> Problem requirements
Exactly reproduce the line containing "Dwurzędowa kamizelka garniturowa" and all later lines to the end of the entries, leaving the pictures out of your copy.

Top of Dataset extract

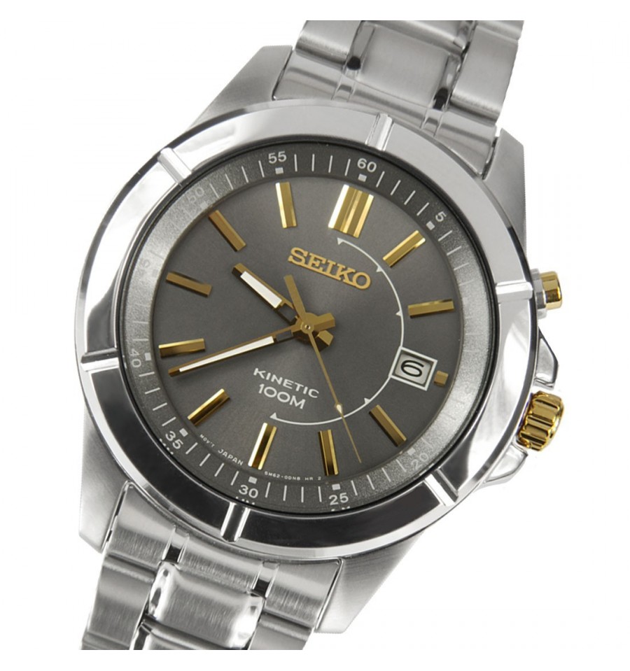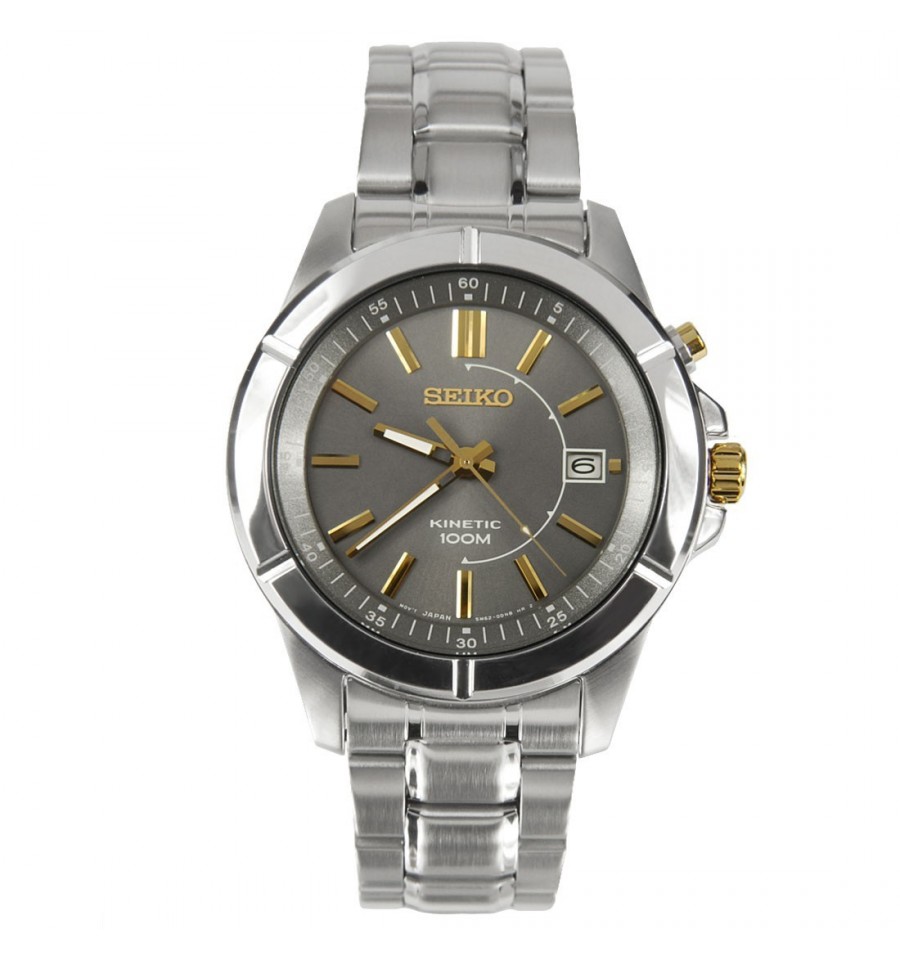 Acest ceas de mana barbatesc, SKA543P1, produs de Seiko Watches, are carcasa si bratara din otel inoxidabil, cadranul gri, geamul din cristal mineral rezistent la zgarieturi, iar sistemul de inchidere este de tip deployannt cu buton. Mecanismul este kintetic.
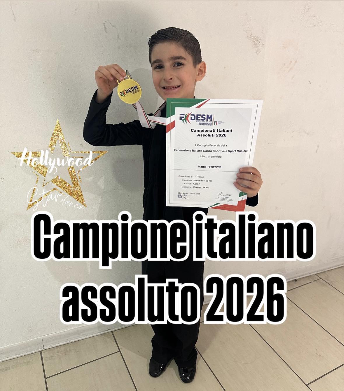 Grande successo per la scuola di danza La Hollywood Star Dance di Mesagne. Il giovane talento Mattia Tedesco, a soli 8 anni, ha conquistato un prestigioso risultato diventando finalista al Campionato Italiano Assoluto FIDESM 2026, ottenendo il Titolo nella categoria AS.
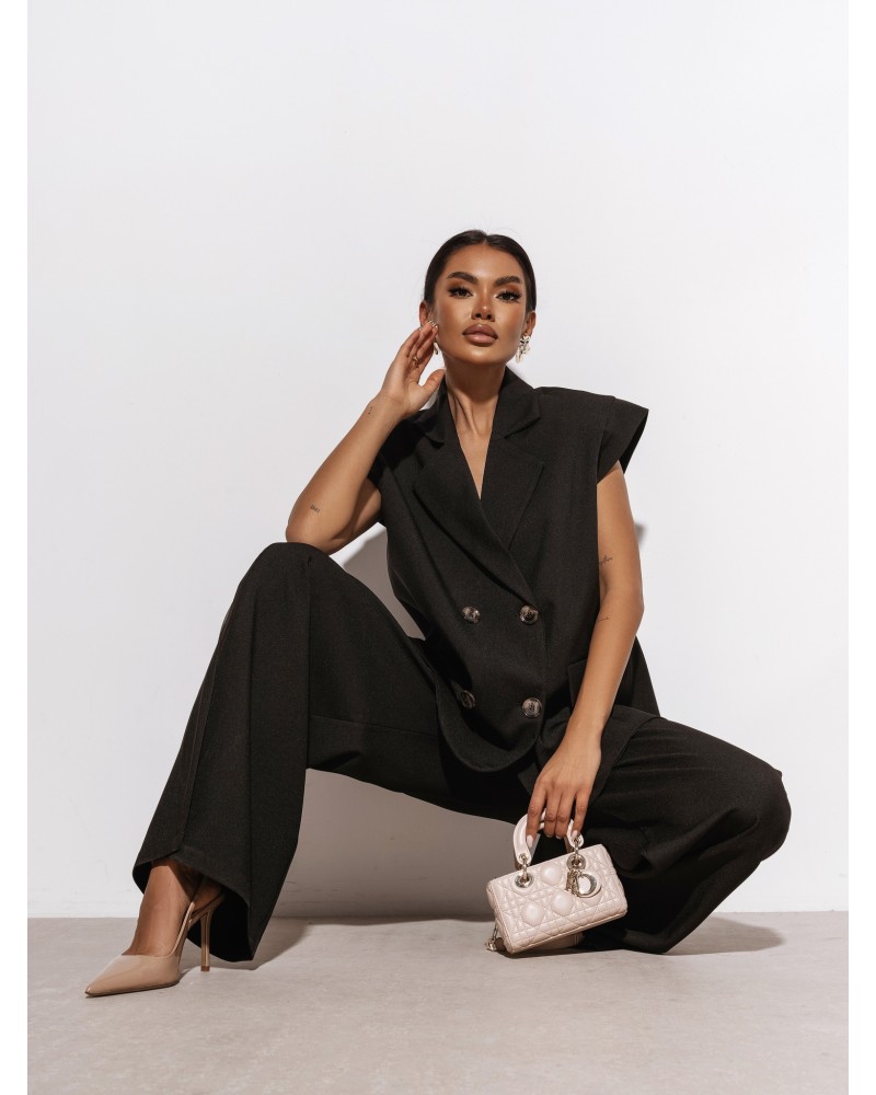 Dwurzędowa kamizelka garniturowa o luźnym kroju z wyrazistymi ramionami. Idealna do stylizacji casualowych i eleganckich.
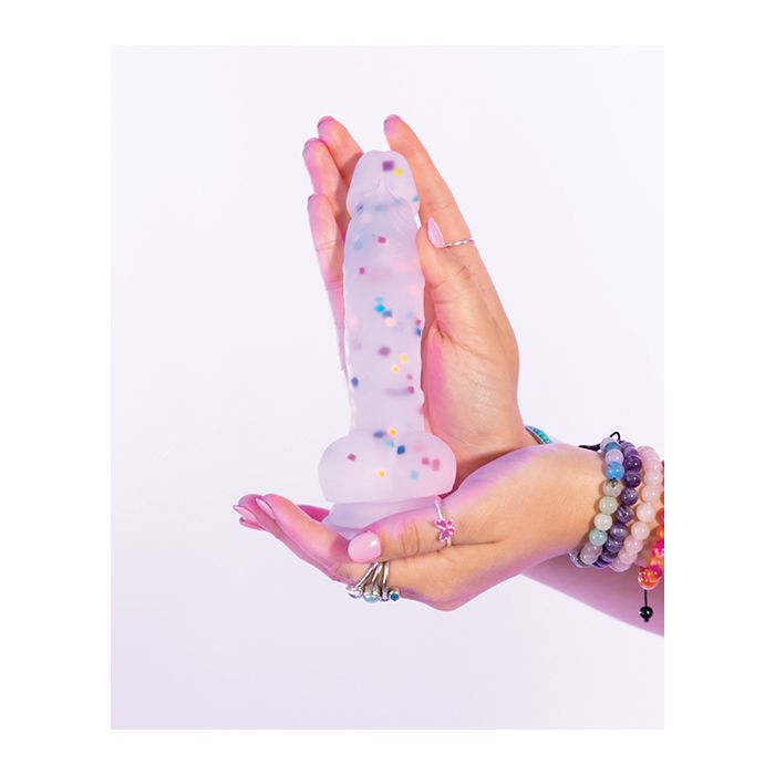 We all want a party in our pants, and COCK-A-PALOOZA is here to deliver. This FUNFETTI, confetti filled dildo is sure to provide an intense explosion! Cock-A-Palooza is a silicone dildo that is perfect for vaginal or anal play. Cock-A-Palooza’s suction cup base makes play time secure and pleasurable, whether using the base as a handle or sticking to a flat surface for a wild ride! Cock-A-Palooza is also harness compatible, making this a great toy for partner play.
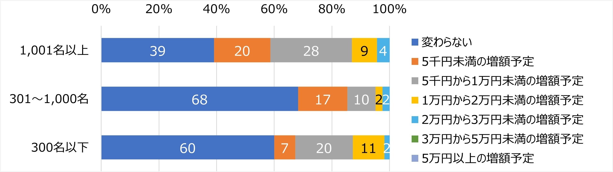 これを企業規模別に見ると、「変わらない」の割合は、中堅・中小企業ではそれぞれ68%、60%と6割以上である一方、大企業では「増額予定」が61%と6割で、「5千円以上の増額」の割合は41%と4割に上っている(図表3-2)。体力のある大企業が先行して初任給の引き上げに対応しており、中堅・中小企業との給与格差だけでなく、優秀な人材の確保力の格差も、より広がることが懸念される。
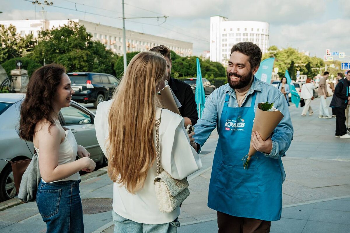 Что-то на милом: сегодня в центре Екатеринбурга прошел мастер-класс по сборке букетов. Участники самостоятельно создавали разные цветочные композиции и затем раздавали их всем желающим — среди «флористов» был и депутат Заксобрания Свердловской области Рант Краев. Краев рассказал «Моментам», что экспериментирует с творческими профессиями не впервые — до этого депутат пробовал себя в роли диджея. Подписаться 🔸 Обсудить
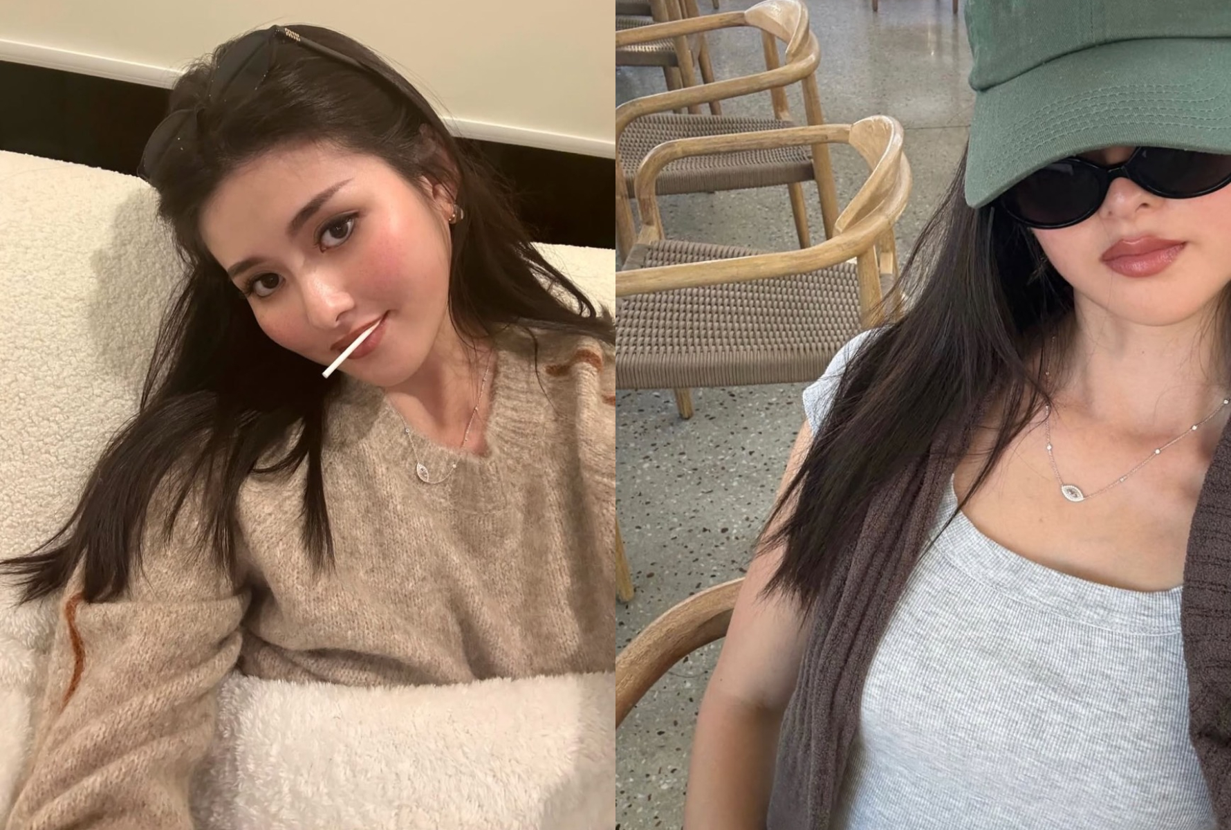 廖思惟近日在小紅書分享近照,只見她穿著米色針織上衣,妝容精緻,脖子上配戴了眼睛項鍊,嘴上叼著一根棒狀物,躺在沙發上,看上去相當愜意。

Bottom of Dataset extract

> Result of this exercise
 Dwurzędowa kamizelka garniturowa o luźnym kroju z wyrazistymi ramionami. Idealna do stylizacji casualowych i eleganckich.
 We all want a party in our pants, and COCK-A-PALOOZA is here to deliver. This FUNFETTI, confetti filled dildo is sure to provide an intense explosion! Cock-A-Palooza is a silicone dildo that is perfect for vaginal or anal play. Cock-A-Palooza’s suction cup base makes play time secure and pleasurable, whether using the base as a handle or sticking to a flat surface for a wild ride! Cock-A-Palooza is also harness compatible, making this a great toy for partner play.
 これを企業規模別に見ると、「変わらない」の割合は、中堅・中小企業ではそれぞれ68%、60%と6割以上である一方、大企業では「増額予定」が61%と6割で、「5千円以上の増額」の割合は41%と4割に上っている(図表3-2)。体力のある大企業が先行して初任給の引き上げに対応しており、中堅・中小企業との給与格差だけでなく、優秀な人材の確保力の格差も、より広がることが懸念される。
 Что-то на милом: сегодня в центре Екатеринбурга прошел мастер-класс по сборке букетов. Участники самостоятельно создавали разные цветочные композиции и затем раздавали их всем желающим — среди «флористов» был и депутат Заксобрания Свердловской области Рант Краев. Краев рассказал «Моментам», что экспериментирует с творческими профессиями не впервые — до этого депутат пробовал себя в роли диджея. Подписаться 🔸 Обсудить
 廖思惟近日在小紅書分享近照,只見她穿著米色針織上衣,妝容精緻,脖子上配戴了眼睛項鍊,嘴上叼著一根棒狀物,躺在沙發上,看上去相當愜意。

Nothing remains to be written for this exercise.